YO (intrigado): ¿Yyy?

CARLOS: …y tenía en la mano un consolador enorme, no sé desde cuando lo tendría ni donde lo escondería porque no lo había visto jamás, se lo pasaba entre los labios del chichi gimiendo, tenía el coño empapado, podía oír el sonido del pollón con el contacto en la piel, se lo restregó un rato y acabó metiéndose aquello tan grande gimiendo y retorciéndose de placer, acabó metiéndoselo y sacándoselo follándose a buen ritmo, el chocho lo tenía dilatadísimo y le salía el flujo cayendo encima de la cama, se corrió a gritos y yo tenía la polla a cien, me salí de allí volviendo a bajar a la planta baja. Disimulé como si acabara de llegar gritando su nombre, salió al final de la escalera con un albornoz puesto saludándome, diciéndome que se iba a duchar y que bajaba, yo estaba muy caliente, me esperé un poco y subí, al entrar estaba en el vestidor poniéndose unas bragas, me miró extrañada.
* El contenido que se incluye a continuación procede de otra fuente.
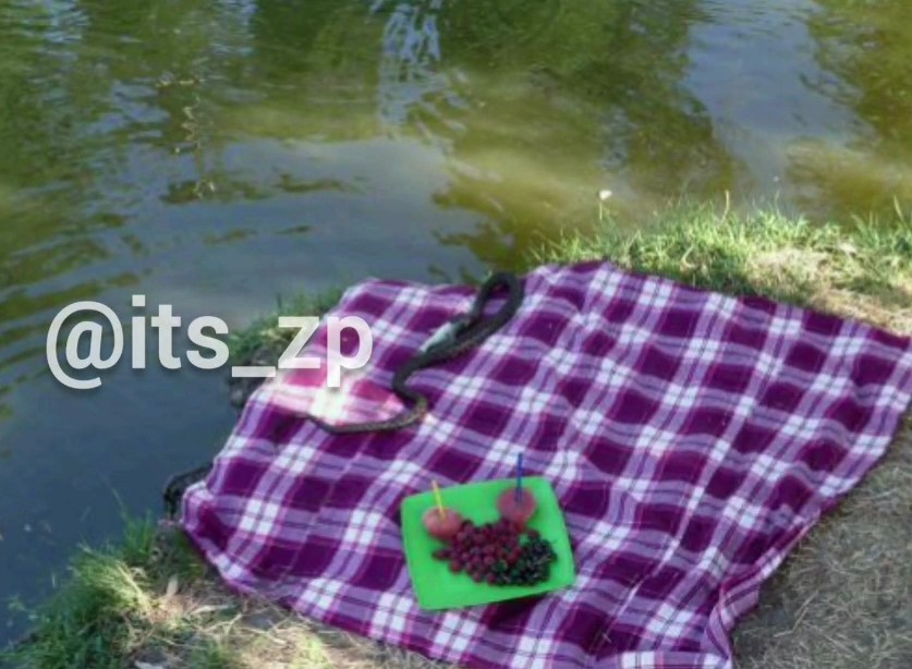 На фото можно рассмотреть как на расстеленную у кромки воды подстилку заползла приличных размеров змея.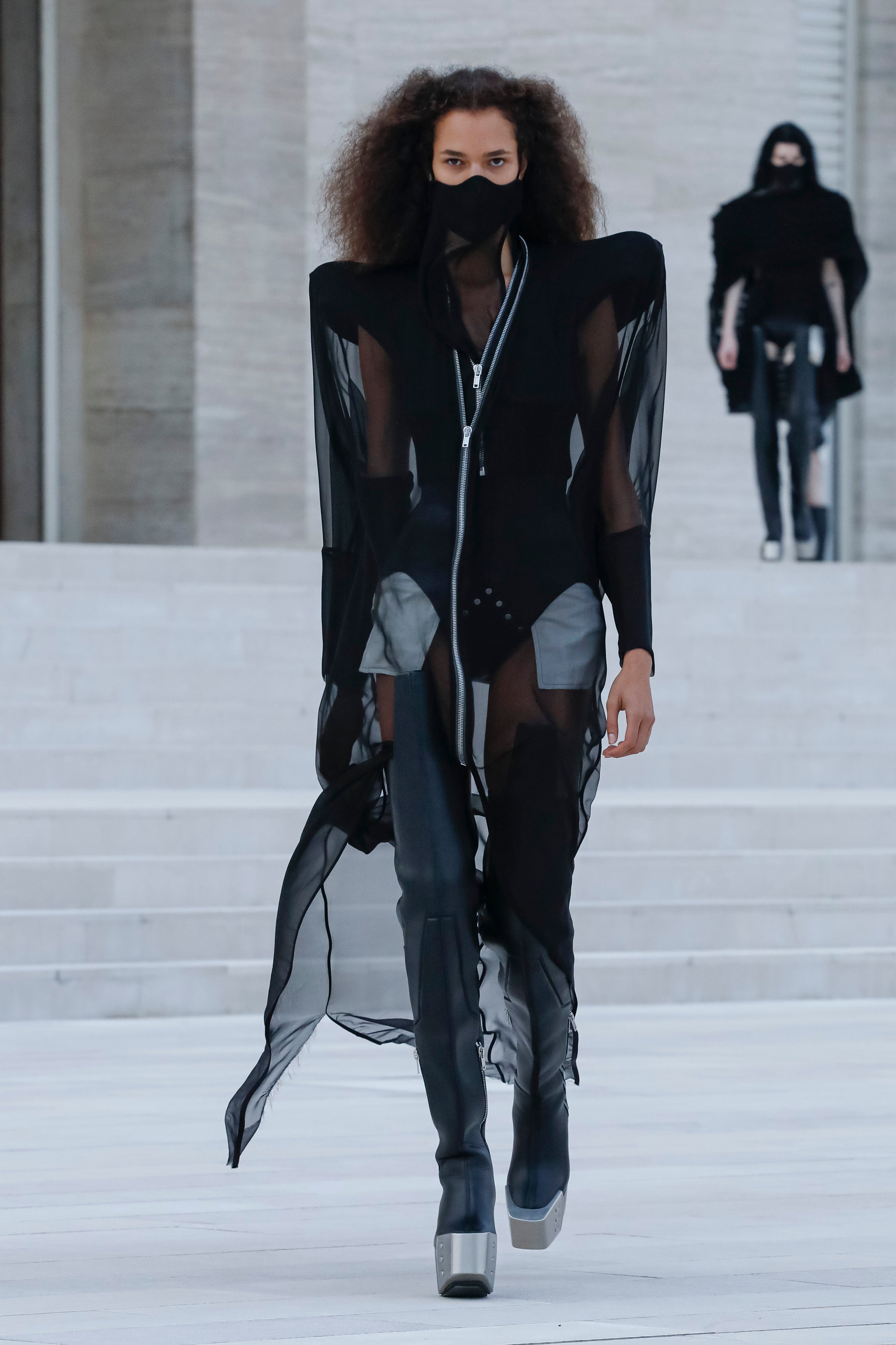 At Rick Owens, Marine Serre, Rokh, Maison Margiela, and more, the bleakness of the last seven months was transformed into something beautiful. Big shoulders, face coverings, and gothic colors, silhouettes, and backgrounds made for fashion that was an escape. Not an escape from reality (after all, our reality is pretty dark right now), but rather, an escape from the faux normalcy that so many designers have been pushing for this season.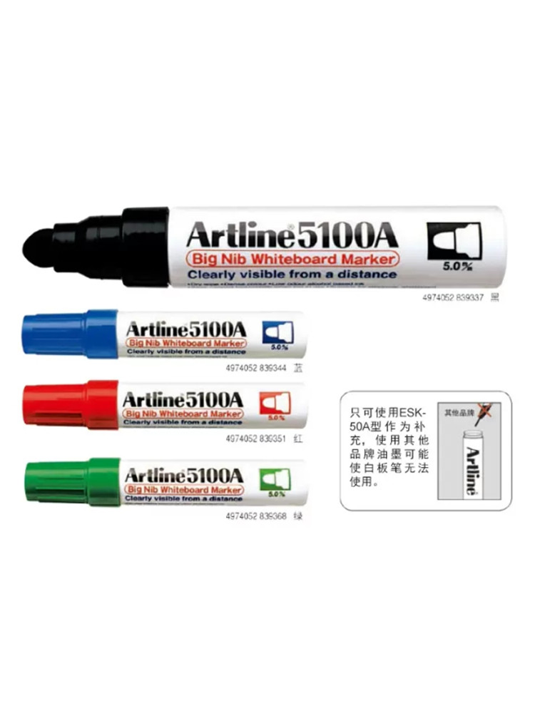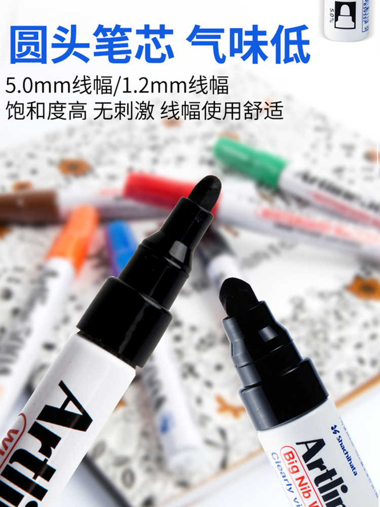 日本旗牌-雅丽Artline可补充墨水白板笔2.0mm中字笔头水性低气味教师白板专用白板笔可擦拭广告笔5.0mm粗圆头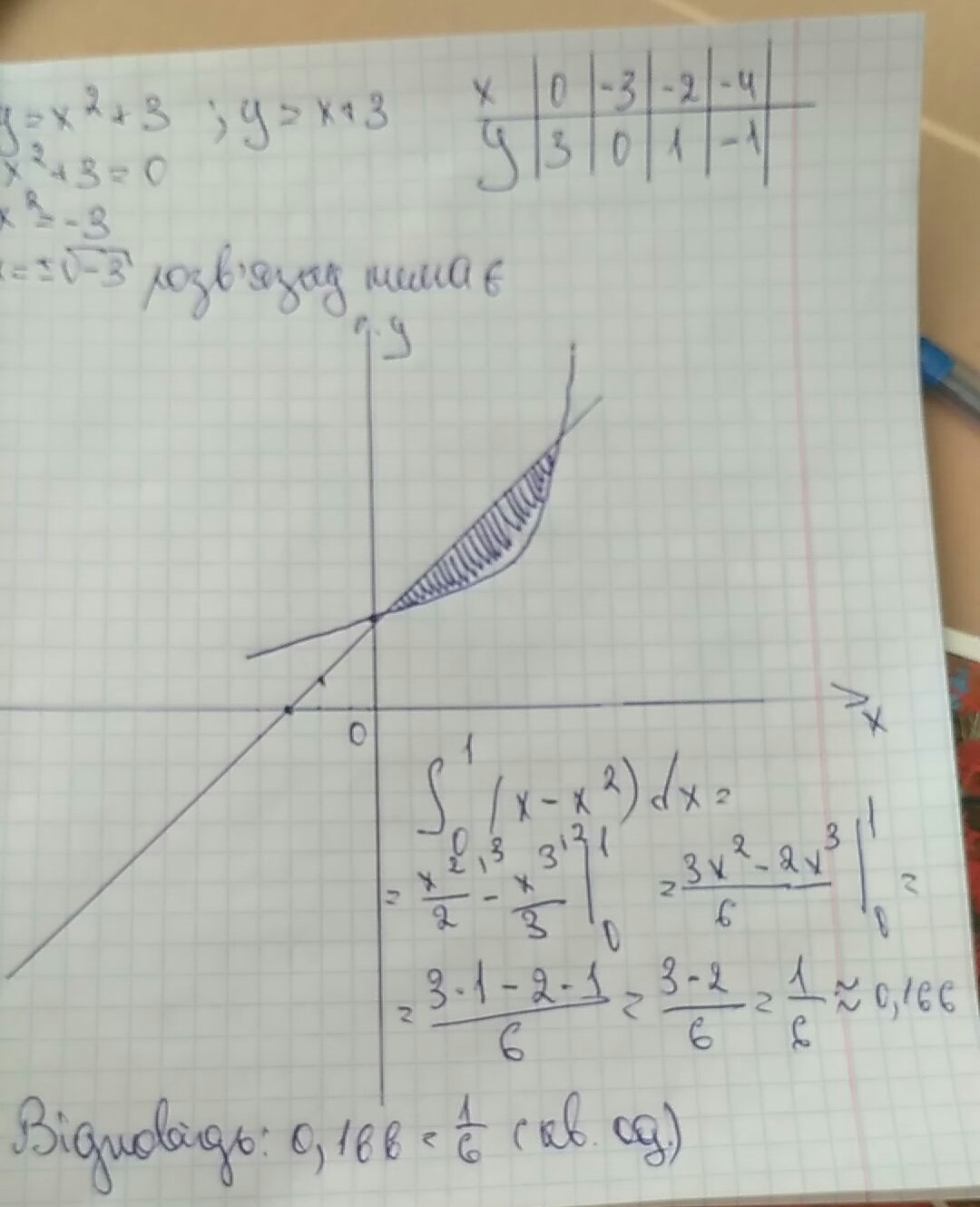 Площадь фигуры 0.166 или 1/6 квадратных единиц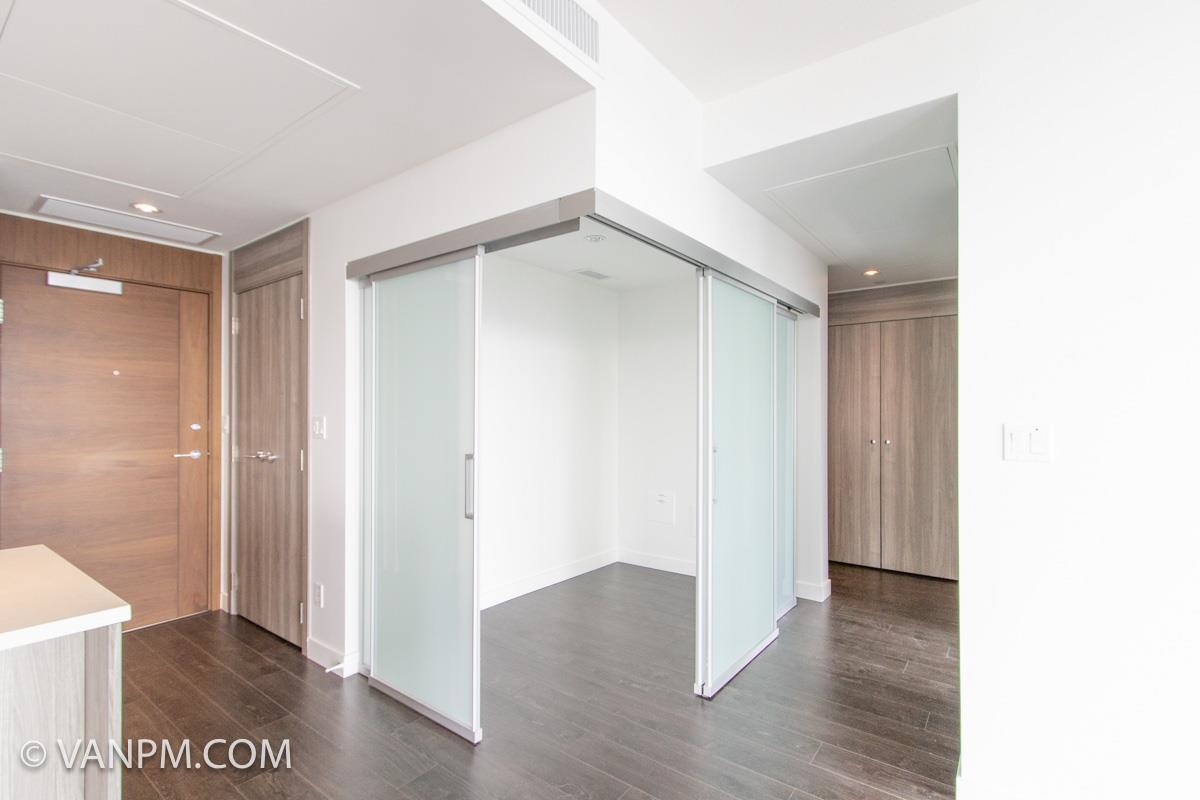- High Floor up at 40 floor! - 2 Bedrooms (MasterBedroom 8'11" X 11'2", 2nd Bedroom 8'11 X 10'1") - 2 Bathrooms - 1 Den with Sliding Glass Doors (5'1" X 7'10") - 996 sqft Interior Space + 392 Balcony Space = 1388sqft - BRAND NEW - Central Heating/AC - 1 EV Parking Stall included - 1 Storage included - Laminate Through out the whole properties - Front Loading Washer/Dryer - BOSCH Appliance with GAS Stove - WEST-SOUTH Un-Obstructed view. - Fitness Centre with Yoga Studio - Entertainment Lounge - Multi-Purpose Games Room - Theatre Room - Study Rooms - Music Room - Pet Grooming Room - Large outdoor terrace with seating area - 24 hours concierge - 3 X Elevator Video: https://youtu.be/6pCbFpH5aDs See the Next Showing Schedule and Book: https://calendly.com/vanpm-team/HillsideWest4008.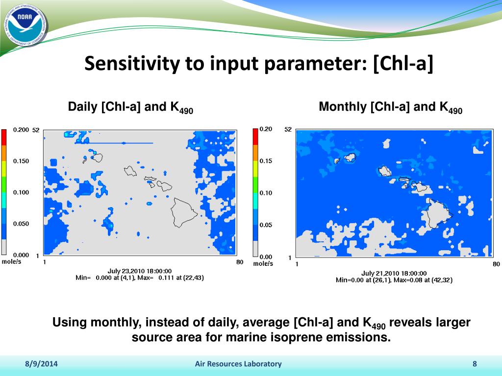 Sensitivity to input parameter: [Chl-a] Daily [Chl-a] and K490 Monthly [Chl-a] and K490 Using monthly, instead of daily, average [Chl-a] and K490 reveals larger source area for marine isoprene emissions. 8/9/2014 Air Resources Laboratory 8
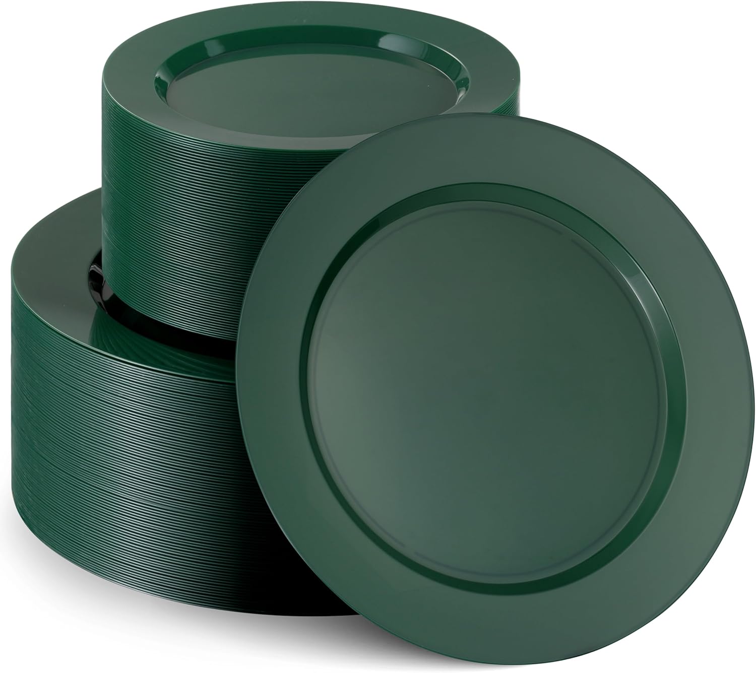 Munfix 100 Green Plastic Plates Set, 50 Pcs 10 Inch Dinner and 50 Pcs 7 Inch Dessert Plates, Elegant Fancy Heavy Duty Disposable Plates for Party, Wedding, Green

SOFÍA: ¿Qué haces aquí tan pronto cariño?

CARLOS: No le dije nada, entré y la besé como hacía tiempo que no lo hacía, fuimos a la habitación y la puse a cuatro patas, encima de la cama que hacía un momento la había visto como se follaba con aquel gran consolador, le bajé las bragas de un tirón y mientras me sacaba la polla le puse dos dedos encima del agujero del coño que todavía lo tenía mojado, se los pude meter dentro con facilidad follándola con ellos, Sofía gemía como hacía tiempo que no la había visto, le saqué los dedos y le metí la polla follándola con unas ganas y una excitación tremenda de cómo me había puesto verla masturbarse antes con el pollón, mi polla entraba y salía muy fácil de lo dilatado que se lo había dejado ella antes, acabamos los dos gritando como animales corriéndonos, que buen polvo, de los mejores que recuerdo con ella en los últimos tiempos, nos quedamos estirados en la cama hasta la hora que salió a buscar a los niños.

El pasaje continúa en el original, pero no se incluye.